5.   Check if Disclosure of Legal Proceedings is Required
     Pursuant to Items 2(d) or 2(e):


6.   Citizenship or Place of Organization:

     The Netherlands

Number of Shares Beneficially Owned by Each Reporting Persons
With:

7.   Sole Voting Power:

     78,493

8.   Shared Voting Power:

     0

9.   Sole Dispositive Power:

     78,493

10.  Shared Dispositive Power:

     0

11.  Aggregate Amount Beneficially Owned by each Reporting
     Person:

     78,493

12.  Check if the Aggregate Amount in Row (11) Excludes Certain
     Shares (See Instructions):

<PAGE>

13.  Percent of Class Represented by Amount in Row (11):

     7.8%

14.  Type of Reporting Person (See Instructions):

     IN

<PAGE>

Item 1.  Security and Issuer

     This statement relates to the common stock, no par value
of Petro Union, Inc. ("Common Stock"), the Issuer, whose address
and principal offices are located at 575 Madison Ave., Suite
1006, New York, NY 10022.

Item 2.  Identity and Background

     (a)  Name:  Pieter J.A. Riksman.

     (b)  Residence or Business Address: Le Hazey, 27600 St.
Barbe sue Gaillon, France.

     (c)  Principal occupation: Software Engineer  

     (d)  The filing person has not been convicted in any
criminal proceeding during the last five years.

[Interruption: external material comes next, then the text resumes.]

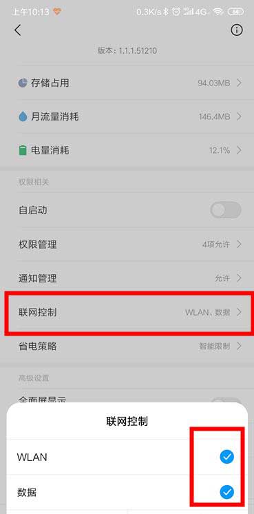 在央视频目录下,找到联网控制,看数据与WLAN控制是否已经开启,请确认在开启状态。

     (e)  The filing person has not been a party in the last five
years to any civil proceeding, of a judicial or administrative
body of competent jurisdiction, which resulted in a judgment or
decree, or final order enjoining him, her or it from future
violations of, or prohibiting or mandating activities subject to
federal or state securities laws, or which found any violation
with respect to such laws.

      (f)  Citizenship: The Netherlands.

Item 3.  Source and Amount of Funds or Other Consideration

     Petro Union, Inc. (the "Company") filed a voluntary petition
for relief pursuant to Chapter 11 of the United States Bankruptcy
Code.  Under its First Amended Plan of Reorganization accepted by
the Bankruptcy Court of the Southern District of Indiana on
August 28, 1997, the Company's proposal to merge with its largest
competitor Horizontal Ventures, Inc. ("HVI") was approved.  The
Company acquired on September 9, 1997.  The shares of the Company
received are in consideration for the filing person's stock in
HVI acquired by Petro Union, Inc.     

Item 4.  Purpose of Transaction

     Shares were acquired in merger described in Item 3.

Item 5.  Interest in Securities of the Issuer

     (a)  78,493

     (b)  78,493

<PAGE>

     (c)  N/A.

     (d)  N/A.
          
     (e)  N/A.

Item 6.   Contract, Arrangements, Understandings or Relationships
with Respect to Securities of the Issuer

     N/A

Item 7.  Material to be Filed as Exhibits

          


                                SIGNATURES

     After reasonable inquiry and to the best of my knowledge and
belief, I certify that the information set forth in this
statement is true, complete and correct.